In Ansehung dessen ermittelte die Steuerfahndung eine Mehrwertsteuerschuld in Höhe von (…) € für das Jahr 2017 und in Höhe von (…) € für das Jahr 2018. Mit Datum vom 12. Dezember 2019 erließ das Finanzamt die angegriffenen Umsatzsteuerbescheide 2017 und 2018. Die Umsatzsteuerbescheide wurden nebst Bericht an die Personen versandt, die nach Auffassung der Finanzbehörde der GbR zugehörig waren; unterhalb des Empfängerfeldes, in dem Adressat und Adresse aufgeführt waren, befand sich dabei der Zusatz: "Für Ges. bürgerlichen Rechts (…) Festsetzung und Abrechnung". Die einzelnen Namen der Personen, welche nach Auffassung der Behörde die Gesellschafter der GbR waren, fanden sich dort nicht.
Mit Datum vom 23. Dezember 2019 bzw. 27. Dezember 2019 legte der frühere Verfahrensbevollmächtigte für die Klägerin zu 3.) bzw. den Kläger zu 2.) jeweils Einspruch ein und legte mit den Einsprüchen jeweils eine Vollmacht vor.

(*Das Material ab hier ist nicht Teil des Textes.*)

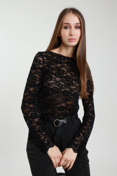 Langärmliges Spitzenshirt mit U-Boot-Ausschnitt. 50%pl 40%ny 10%ea

In der Betreffzeile der beiden Einsprüche war u.a. die Steuernummer, der Name und die Adresse der Klägerin zu 1.) und die beiden streitigen Umsatzsteuerbescheide angegeben. Im Text hieß es jeweils u.a.: "In obiger Angelegenheit zeige ich an, dass mich Frau C (bzw. im anderen Einspruch: Herr B), mit der Wahrnehmung ihrer (bzw. seiner) Interessen beauftragt hat. Meine Vollmacht füge ich anliegend bei. Namens und im Auftrage meiner Mandantin (bzw. meines Mandanten) lege ich hiermit gegen die im Betreff näher bezeichneten Steuerbescheide Einspruch ein. (…)."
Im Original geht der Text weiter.